Configuring the runtime to authenticate basic users

Basic users are users in the registry that are not imported in to Security Access Manager. Edit the ldap.conf file so that basic users can authenticate in Security Access Manager.

Before you begin

The following limitations apply to basic users:
  • Basic users work in minimal registry mode only.
  • Basic users cannot use global sign-on.
  • You cannot set access control lists for individual basic users. However, basic users can be members of a Security Access Manager group with access control lists.
  • Registry direct Java API does not support basic users.
  • Account and password valid settings are set to yes. You cannot modify them for basic users.
Warning: Basic users are not subject to any Security Access Manager account and password policies. They always have their account-valid and password-valid values set to yes. Basic users do not record the last login or last password change even if [ldap] enable-last-login is set. You must use the underlying registry equivalents for these capabilities.

About this task

Configure the run time so that basic users can authenticate to Security Access Manager. Basic users have limitations.

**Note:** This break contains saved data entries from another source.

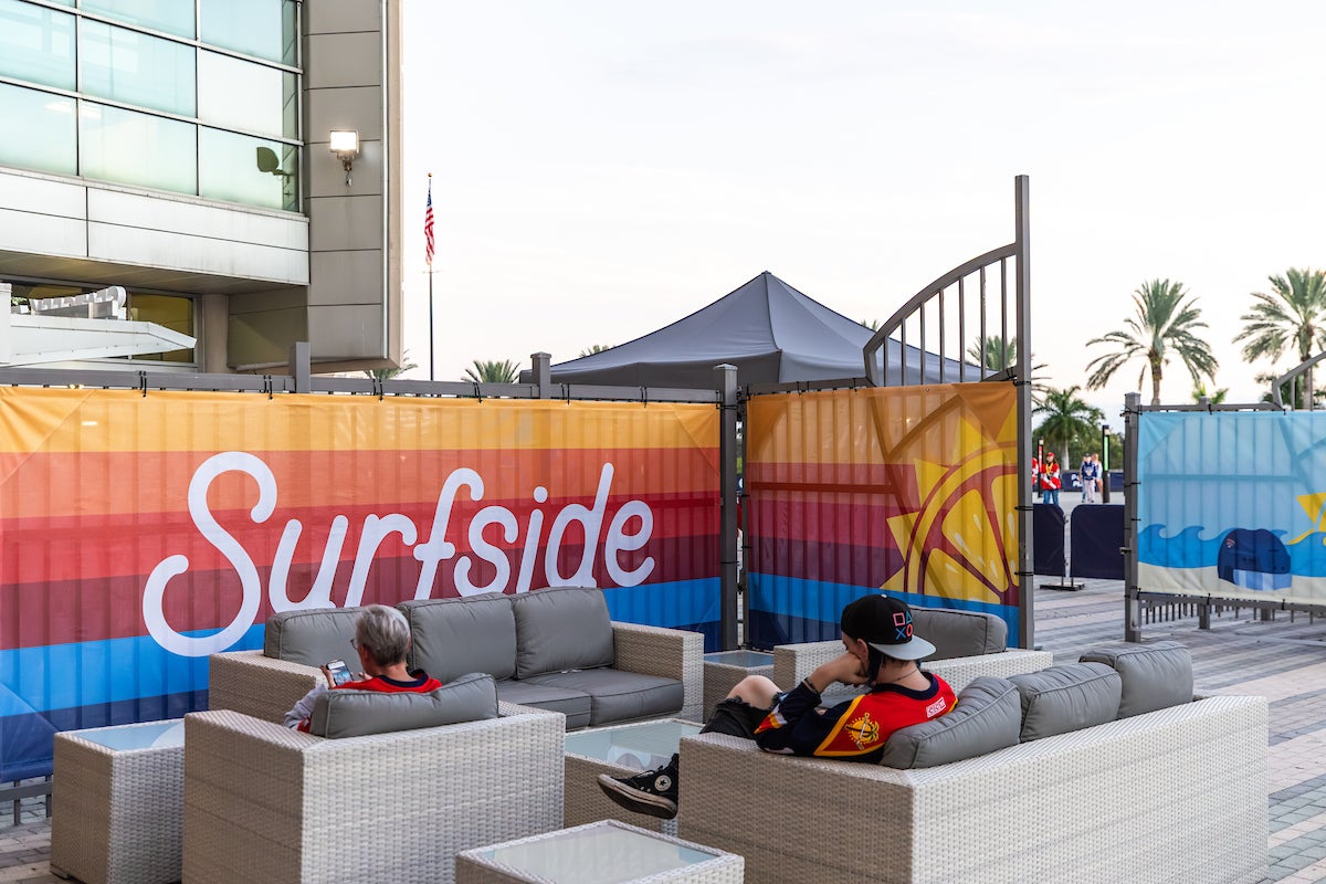 As part of the partnership with Surfside, the official ready-to-drink vodka beverage of Amerant Bank Arena, the Surfside Sundeck offers a vibrant, beach-inspired outdoor space where fans can kick back, socialize, and enjoy a refreshing drink.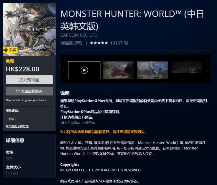 恭喜各位PS+的会员,各位的福利又来了,PlayStation商店现在免费赠送《怪物猎人:世界》的游戏本体,港、日、美都已经上线了,3月18——4月22均可免费领取。什么?已经买了的?早买早享受嘛!
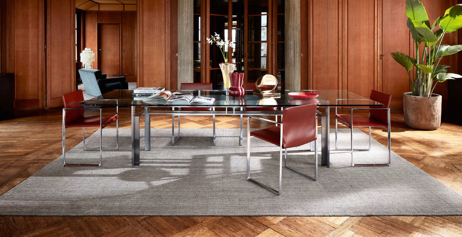 A minimalist design chair with pure modern lines and a dual nature. Designed by Piero Lissoni for Cassina with the structure in wood or in aluminum and the seat and backrest strictly made of cowhide.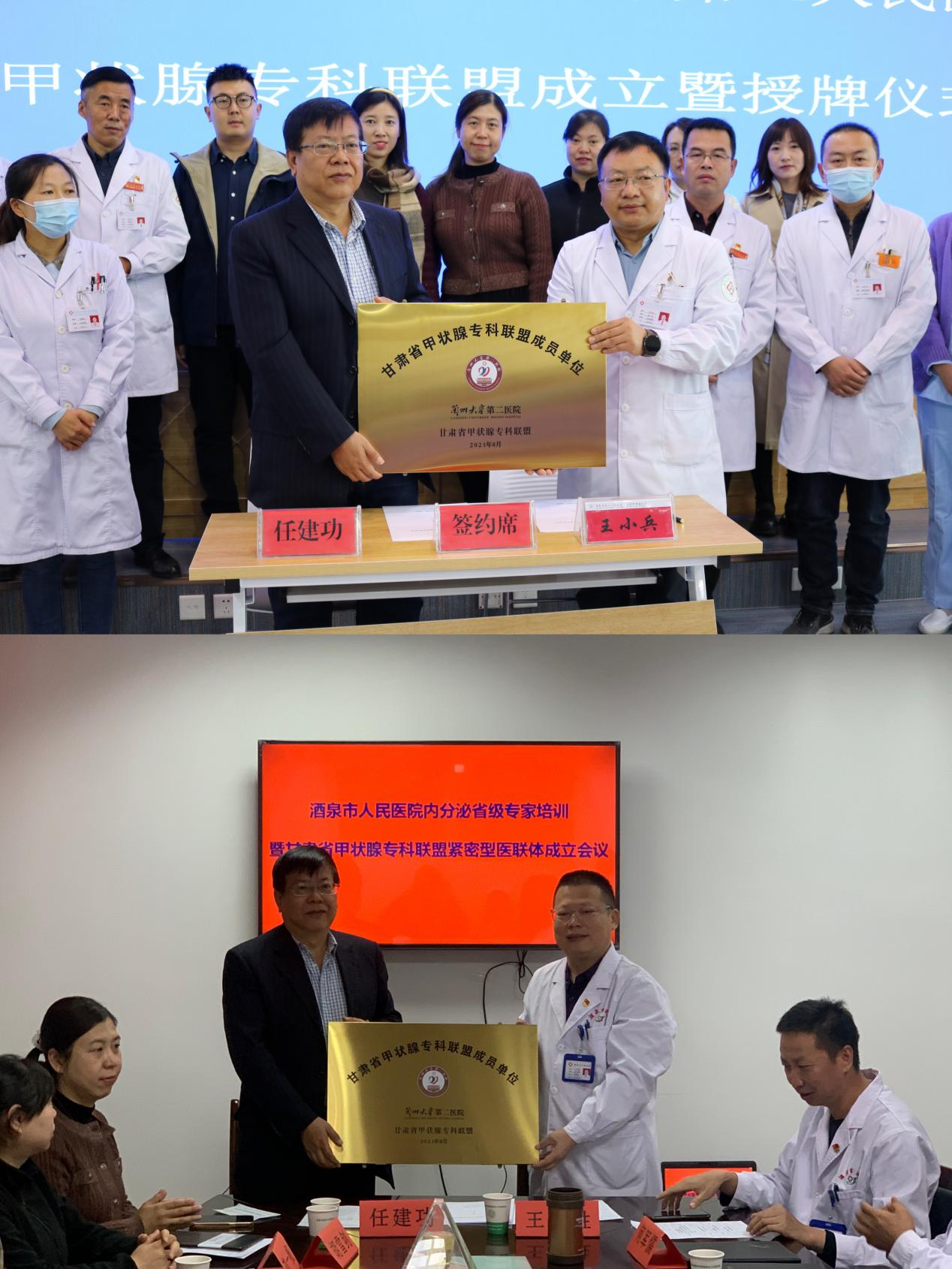 10月12日—13日,立博欧赔指数第二医院内分泌代谢科主任任建功带领内分泌代谢科、发展规划处相关工作人员赴酒泉市第一人民医院、第二人民医院开展甘肃省甲状腺专科紧密型医联体建设工作,并签订甘肃省甲状腺专科联盟紧密型医联体合作协议并颁发授牌。目前,立博欧赔指数第二医院内分泌代谢科已对7家成员单位全部完成全年甘肃省甲状腺专科联盟紧密型医联体签约及授牌工作。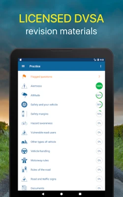Driving Theory Test 2025 UK includes all revision questions, answers and explanations, licensed by DVSA (the people who set the test). Couple it with an intuitive interface and it becomes an ideal practice tool for the UK Driving Licence Test!
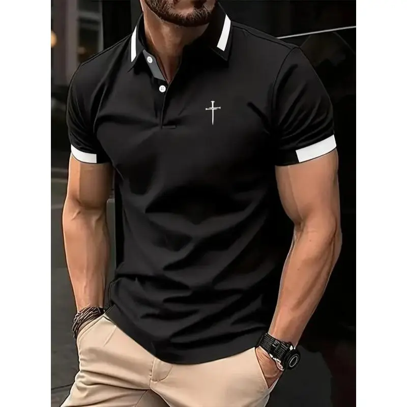 Men's Regular Fit Cross Print Button Front Polo Shirt, Casual Short Sleeve Polo Top for Summer, Fashion Men's Clothes for Daily Wear

When basic-user-support is enabled, basic and full users are located by using the basic-user-principal-attribute suffix in the LDAP native user entry. If the located native user entry has full Security Access Manager user metadata then it is treated as a full user. The value of the basic-user-principal-attribute is used for the user ID even if the Security Access Manager full user metadata has a different principalName.

Basic users are managed in the corporate user registry by using LDAP management tools. These users are not managed through Security Access Manager, except when you change and reset passwords for basic users.

When searching for basic or full users, Security Access Manager:
  • Uses the configured basic-user-principal-attribute and the user-search-filter values to locate users in the registry.
  • Searches all suffixes that are defined by basic-user-search-suffix entries and in the order that they are defined, unless basic-user-suffix-optimizer is enabled. If no basic-user-search-suffix entries are specified, all suffixes are searched in an unspecified order.
  • If basic-user-suffix-optimizer is enabled, a hit count is kept for each suffix that is used to search for users. The suffix search order is based on a dynamic most-used suffix order. This dynamic search order is not used if basic-user-no-duplicates is enabled since in that situation, all suffixes must be searched to ensure that there are no duplicates, thus the order is irrelevant.

Procedure

  1. Log in the local management interface.
  2. From the top menu, select Secure Web Settings > Manage > Runtime Component.
  3. Click Manage > Configuration Files.
  4. Select ldap.conf.
  5. Add the following lines under the [ldap] stanza.
    basic-user-support = yes
    Set this option to yes to support basic users.
    basic-user-principal-attribute = <uid>
    This attribute is the principalName of the basic and full users.
    basic-user-search-suffix = <DN>
    Set this option for each suffix to search for full and basic users. This must include suffixes to search on the primary LDAP server and all federated registries.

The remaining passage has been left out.